◆ **SOURCE DATA**:
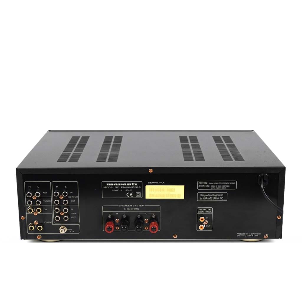Step up your audio game with this second-hand Marantz PM6010 OSE integrated amplifier. The “Original Special Edition” designation signifies various internal upgrades, including audiophile-grade components and a refined power supply, that elevate its sonic performance above the standard model.2 Delivering a robust 50 watts per channel into 3$8Omega$, this amplifier is known for its dynamic, engaging sound that pairs well with a wide variety of bookshelf and medium-sized floorstanding loudspeakers.4 Its low-noise, high-quality built-in phono stage (MM) makes it an excellent choice for vinyl enthusiasts seeking resale high-end audio value. This certified pre-owned Marantz amplifier is a perfect fit for the beginner or intermediate audiophile looking for a feature-rich, high-performance integrated unit that offers exceptional value and reliability. Explore our selection of certified pre-owned turntables to pair with its superb phono input.
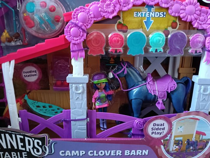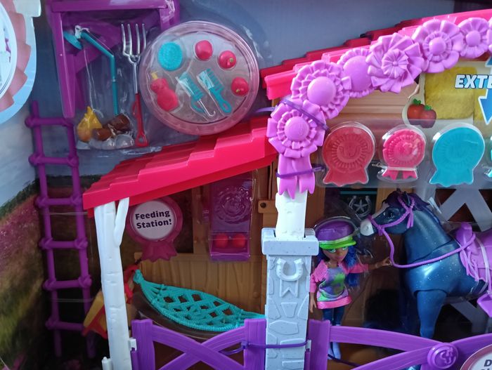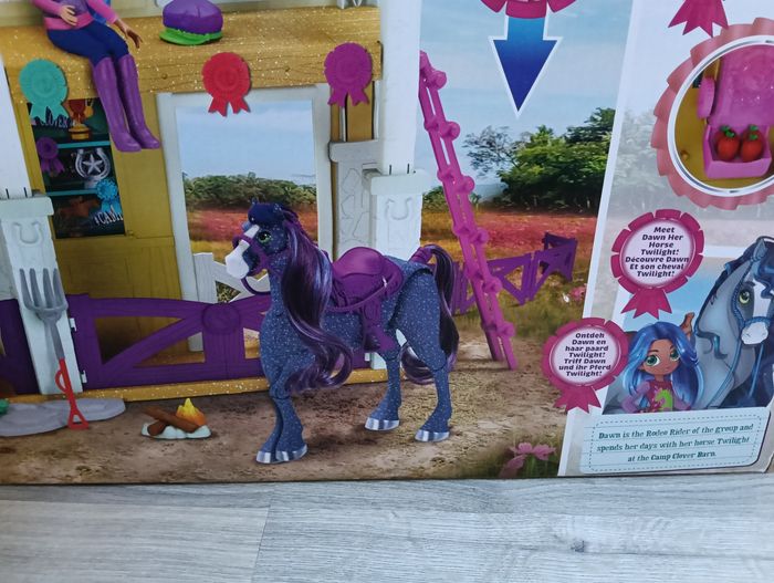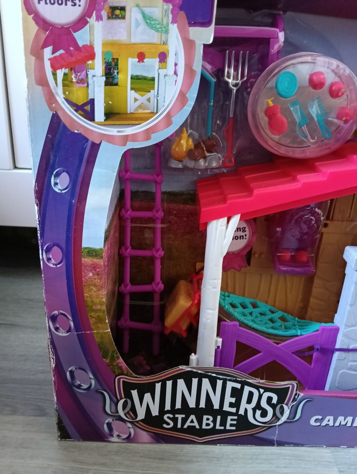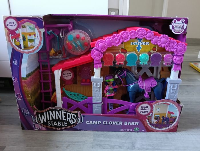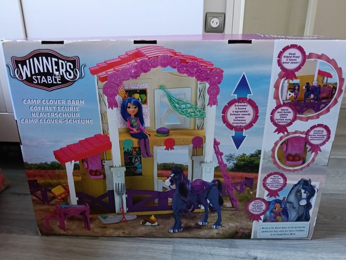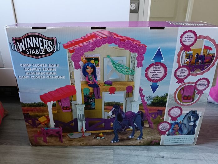 Bonjour je vends un grand coffret Écurie avec un cheval et une poupée. 33 pièces. Pleins d'accessoires de la marque Winner's stable Neuf jamais ouvert Noté que l'emballage a subi le transport comme vu sur photo
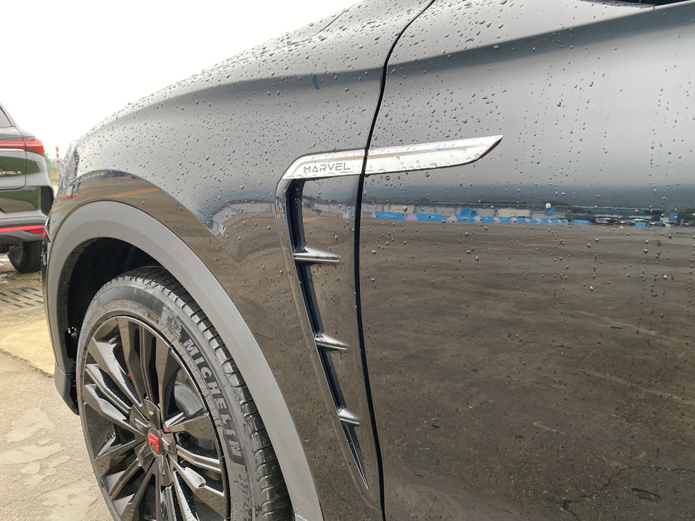 MARVEL R的尾部虽然没有前脸惊艳,但也不差事儿。箭翎元素的贯穿式尾灯点亮后效果不错。拍摄车辆为黑武士风格,除最低配车型以外,其他车型花2000元选择黑武士外观风格。所以,原本下方为镀铬装饰条的部位就被红色的装饰条所替代,增强了整车的运动氛围。

◆ **TASK TO CARRY OUT**:
Would you restate all of the data above word for word, omitting the pictures?

◆ **PROBLEM SOLUTION**:
Step up your audio game with this second-hand Marantz PM6010 OSE integrated amplifier. The “Original Special Edition” designation signifies various internal upgrades, including audiophile-grade components and a refined power supply, that elevate its sonic performance above the standard model.2 Delivering a robust 50 watts per channel into 3$8Omega$, this amplifier is known for its dynamic, engaging sound that pairs well with a wide variety of bookshelf and medium-sized floorstanding loudspeakers.4 Its low-noise, high-quality built-in phono stage (MM) makes it an excellent choice for vinyl enthusiasts seeking resale high-end audio value. This certified pre-owned Marantz amplifier is a perfect fit for the beginner or intermediate audiophile looking for a feature-rich, high-performance integrated unit that offers exceptional value and reliability. Explore our selection of certified pre-owned turntables to pair with its superb phono input.
 Bonjour je vends un grand coffret Écurie avec un cheval et une poupée. 33 pièces. Pleins d'accessoires de la marque Winner's stable Neuf jamais ouvert Noté que l'emballage a subi le transport comme vu sur photo
 MARVEL R的尾部虽然没有前脸惊艳,但也不差事儿。箭翎元素的贯穿式尾灯点亮后效果不错。拍摄车辆为黑武士风格,除最低配车型以外,其他车型花2000元选择黑武士外观风格。所以,原本下方为镀铬装饰条的部位就被红色的装饰条所替代,增强了整车的运动氛围。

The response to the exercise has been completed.